Additional Site Recovery Considerations:

  • Replications are for recovering data from one site to another during a critical site failure, we can orchestrate recovery of VMs from Site-A to Site-Z.

  • If Site-Z fails, VBR-Z is sitting on location, Veeam Recovery Orchestrator requires VBR to be online for recovery, as we need access to the policies and repositories.

    • There are ways around this, as previously mentioned having your VBR server in the cloud or witness location.

    • Replicating the VBR server with Veeam and doing a manual recovery of the VM at the other location.

    • Taking a configuration backup of Veeam, having a cold server in-place at Site-A, cloud or witness site to recover the VBR server during an orchestration event.

      • Note: That this failure will cause an increased RTO for a Site-Z failure, Site-A will not be impacted during a critical site failure as VBR will be online.

  • We often use Source and Target to represent taking a workload from Site-A (source) and recovering it to Site-Z (Target) and vice versa.

How do Replications work: (Referencing the above image)

Sourcing Data:

  • VBR-Z has replication policies configured to protect both Site-A and Site-Z.

  • When the replication process starts, Veeam Backup & Replication starts the replication process, very similar to how we source data for backups. We reach out to vSphere (vCenter/ESXi) to take a snapshot of the VM in the policy.

    • We then transfer the data from a source to the target proxy server at the other site, which lands the data in a new .VMDK delta file. 

    • This gives us the ability to have point-in-time restores from stored snapshots at the target location.

Restoring Data:

  • Unlike backup or backup copy, the data is already stored in a Datastore in the target VMware cluster, this gives us the capability to spin up the workload directly on the ESXi host.

  • As mentioned above, we have point-in-time restore capabilities with snapshots. 

Veeam Recovery Orchestrator:

  • It's important to note that for Veeam Recovery Orchestrator (VRO) we are utilizing components created and configured from the Veeam Backup & Replication interface.
  • Veeam Recovery Orchestrator is an additional product and deployment on top of your existing Veeam Backup & Replication server, it connects to your Enterprise Manager and/or VBR instances and creates orchestration overlays.
    • VRO Placement: If you have presence in the cloud, we would recommend that this be placed in the cloud or at a Witness location.
    • Additional considerations: Veeam University (VU) https://veeam.looop.co/topic/834185 
  • VMware Tagging: A popular but very important aspect of our Veeam product when grouping and categorizing workloads to protect and in this case grouping of servers for restoration.
    • With Veeam Recovery Orchestrator mapping and grouping your workloads for orchestration, it's best practice to-do so with VMware Tags.
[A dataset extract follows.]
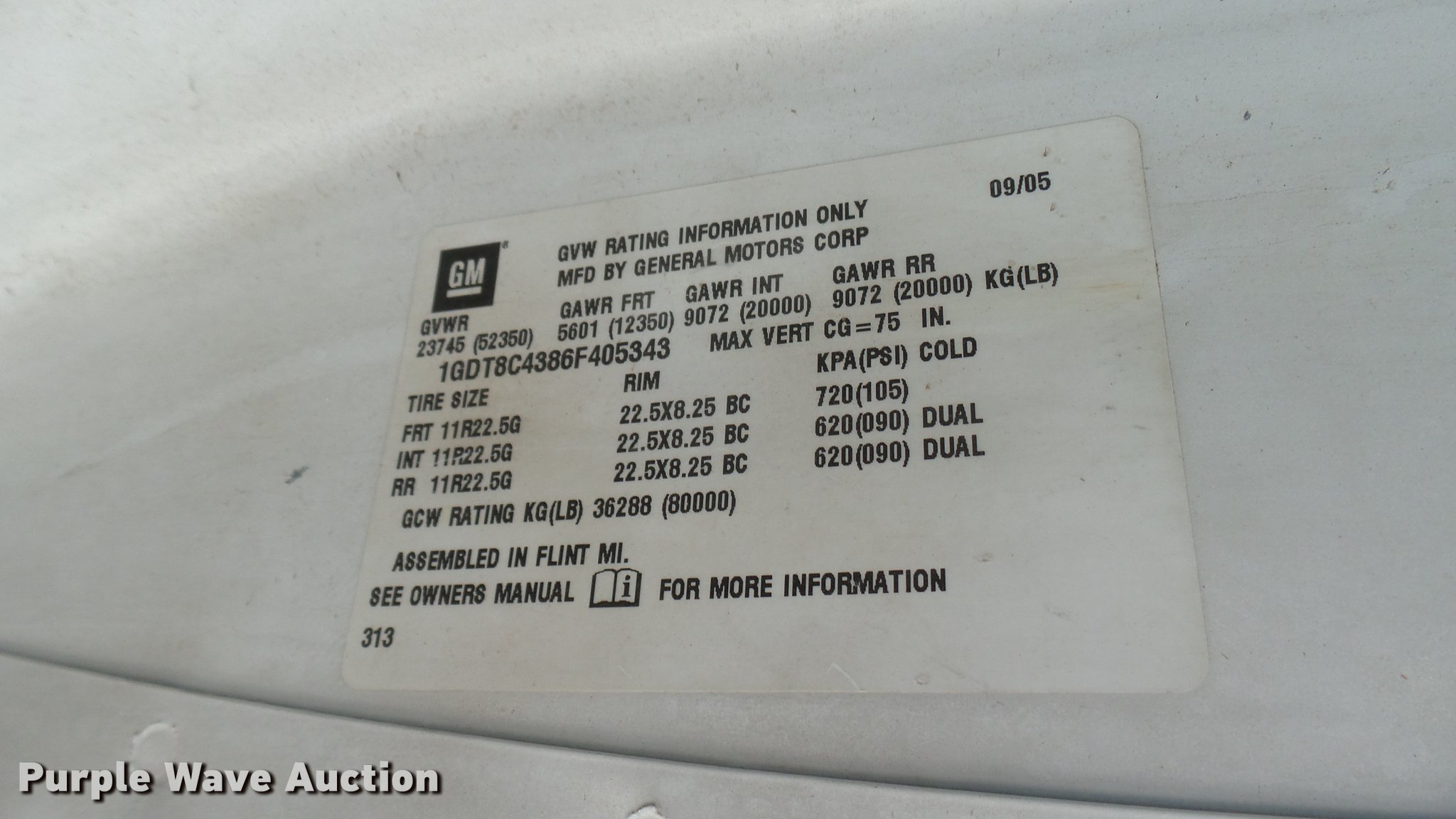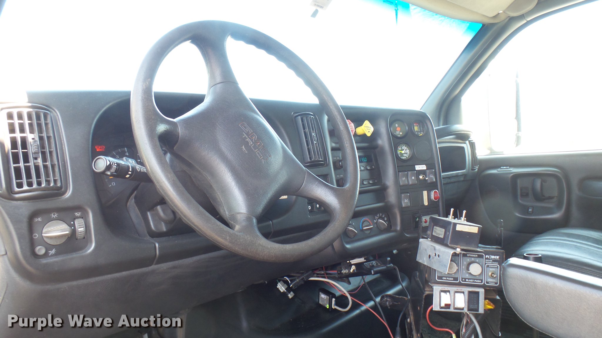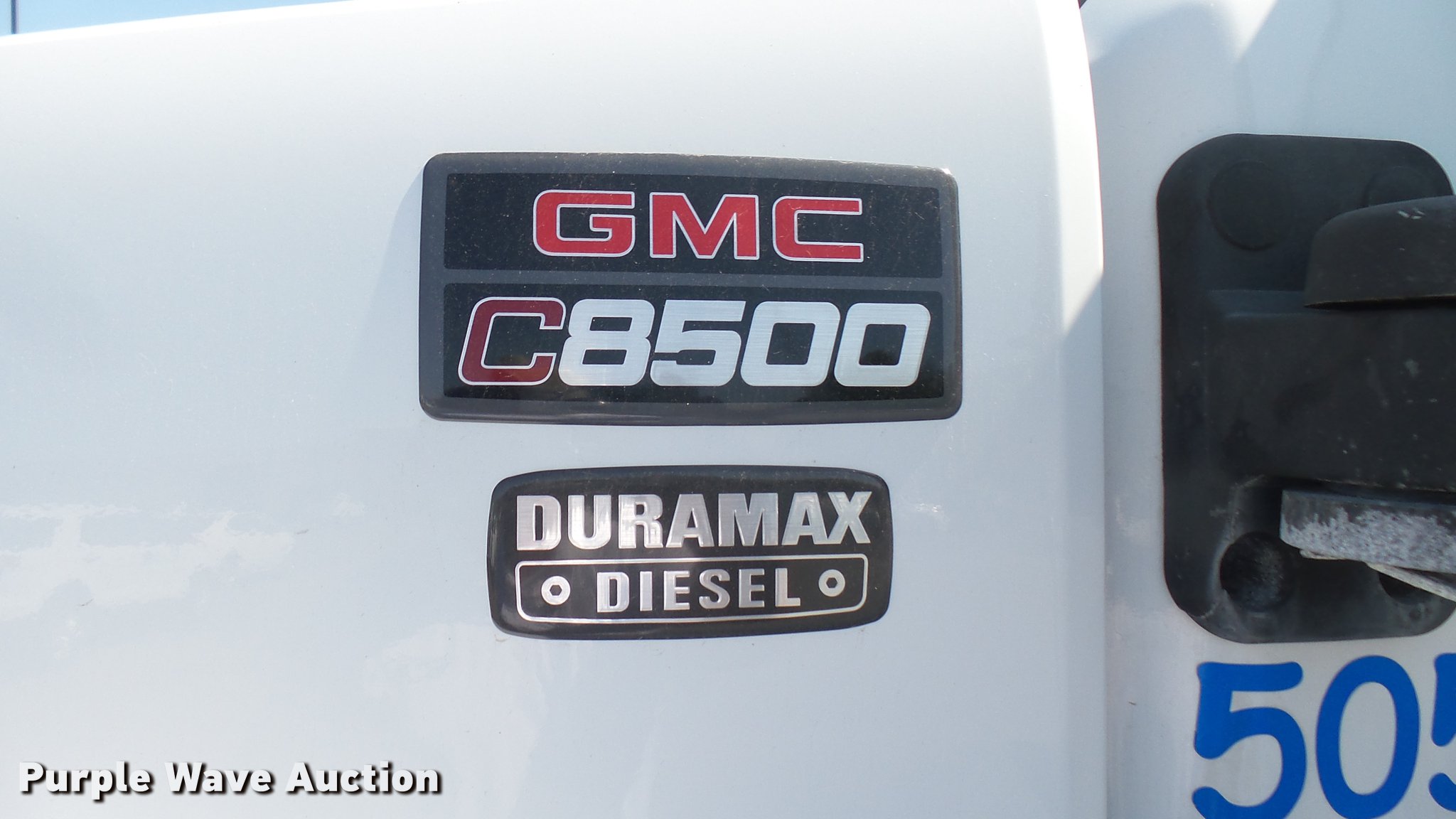 Purple Wave is selling a used Construction Dump Truck in Kansas. This item is a 2006 GMC C8500 dump truck with the following: 67,462 miles on odometer, 3,843 hours on meter, Isuzu 6HK1-TC 7.8L six cylinder diesel engine, Automatic transmission, Tandem axle, Inter-axle differential lock, AC and heat, AM/FM, Power windows, 14'L x 96"W steel dump bed, 48" side board height, End gate included, Flink 11'W plow, Flink stainless steel spreader, 11'L, 8'W side plow, Dual fuel tanks, Pintle hitch, Air brakes, 11R22.5 tires, GVWR 23,745 lbs, FAWR 12,350 lbs, IAWR 20,000 lbs, RAWR 20,000 lbs, Unit# 5056

Veeam Recovery Orchestrator Core Components:

  • Recovery Locations: Unlike backup and backup copy recoveries we don't need Recovery Locations for recovery of replicated workloads.

    • The normal Compute, Storage, Network Mapping, and Re-IP configurations are all done in the Replication Job.

    • We will need to create Recovery Plans for Lab Groups, which are separate groupings specific for DataLabs.

      • These Lab Groups are great for taking protected Domain Controllers at a Target location, recovering them from backup to a specified location, which is defined with Recovery Locations.

  • Recovery Plans: A recovery plan is where we select the workloads we will orchestrate and the Recovery Location in which those workloads will be recovered to.

How to Configure VRO for Orchestration of a Test VM from Site-A to Site-Z:

  • Below I am going to walk you through how to configure an example VM recovery of a Site-A VM being recovered to Site-Z.

  • We will configure a Replication Job, VMware Tags, and Recovery Plans.

Replication Job:

  • Login to your Veeam Backup & Replication server, once the application is open, go to the Home tab in the navigation pane on the lefthand side, if not already.

    • At the top ribbon, select Replication Job -> Virtual Machine. (The Wizard will open in the middle of the screen)

  • Once in the New Replication Job Wizard do the following:

    • Name: (IE: Replica_TESTVM_SITE-AtoZ)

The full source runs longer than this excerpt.